## Problem requirements
Print exactly the line that contains "GBT_1040.3-2006__塑料拉伸性能的测试.pdf 免费下载" along with every line beneath it to the end of the records below, and omit pictures.
_ _ _ _ _
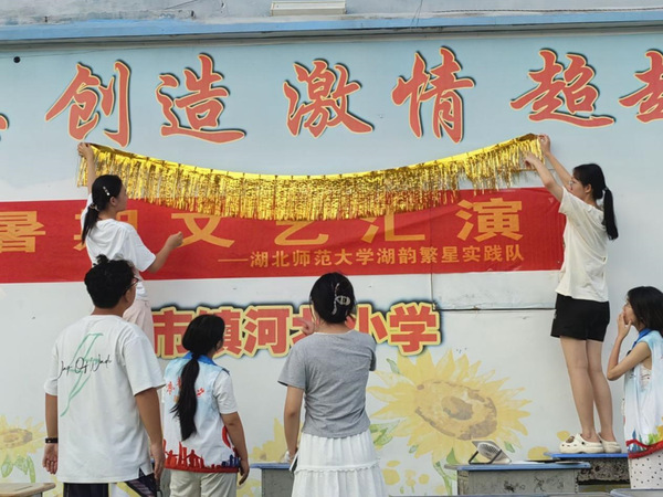 文艺汇演前一天,队员们一起布置舞台
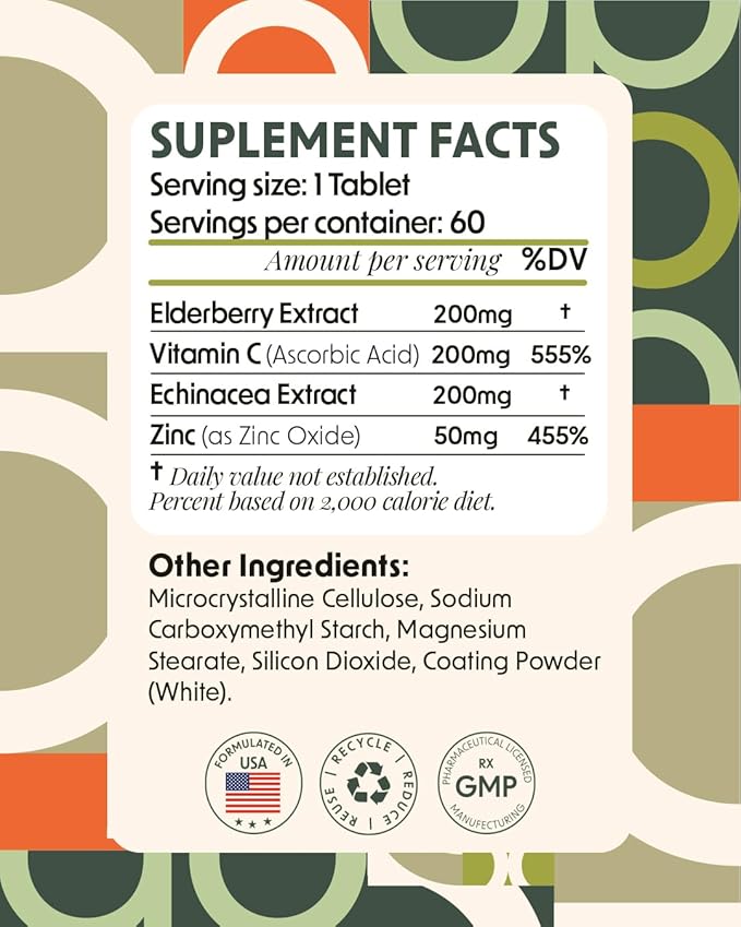 - Special Ingredients : Echinacea, Elderberry, Magnesium Stearate, Vitamin C
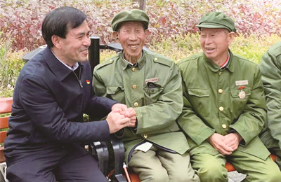 王友民(左一)到延安八一敬老院慰問老兵。
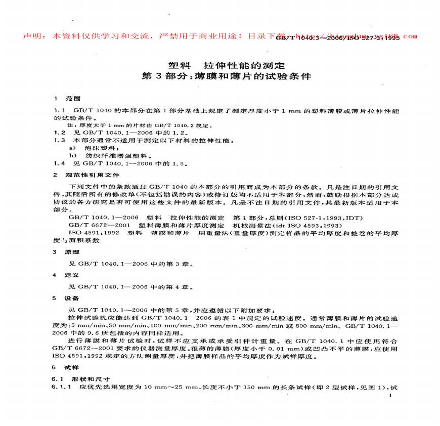GBT_1040.3-2006__塑料拉伸性能的测试.pdf 免费下载
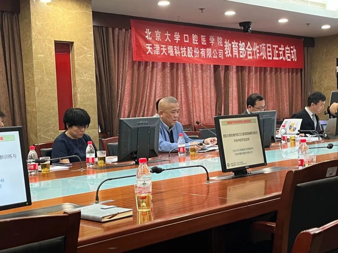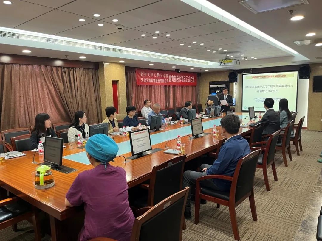 2023年4月24日,在这个春光明媚的日子里,北京大学口腔医院(北大口腔)与leyu-乐鱼(中国)官方网站_leyu.com (leyu-乐鱼(中国)官方网站_leyu.com)召开“虚拟仿真在教学实习口腔局部麻醉训练与评估中的开发应用”项目启动会。北大口腔副院长李铁军、中华口腔医学会副秘书长刘宏伟、北大口腔教育处长董美丽、虚拟仿真教研室主任侯建霞、口腔颌面外科副主任贺洋、leyu-乐鱼(中国)官方网站_leyu.com总经理刘雁飞、leyu-乐鱼(中国)官方网站_leyu.com口腔事业部总经理景颖等人出席,在项目总负责人崔念晖主任主持下,双方展开了热烈而有成效的会晤,确定该项目正式启动。
_ _ _ _ _
## Answer space
GBT_1040.3-2006__塑料拉伸性能的测试.pdf 免费下载
 2023年4月24日,在这个春光明媚的日子里,北京大学口腔医院(北大口腔)与leyu-乐鱼(中国)官方网站_leyu.com (leyu-乐鱼(中国)官方网站_leyu.com)召开“虚拟仿真在教学实习口腔局部麻醉训练与评估中的开发应用”项目启动会。北大口腔副院长李铁军、中华口腔医学会副秘书长刘宏伟、北大口腔教育处长董美丽、虚拟仿真教研室主任侯建霞、口腔颌面外科副主任贺洋、leyu-乐鱼(中国)官方网站_leyu.com总经理刘雁飞、leyu-乐鱼(中国)官方网站_leyu.com口腔事业部总经理景颖等人出席,在项目总负责人崔念晖主任主持下,双方展开了热烈而有成效的会晤,确定该项目正式启动。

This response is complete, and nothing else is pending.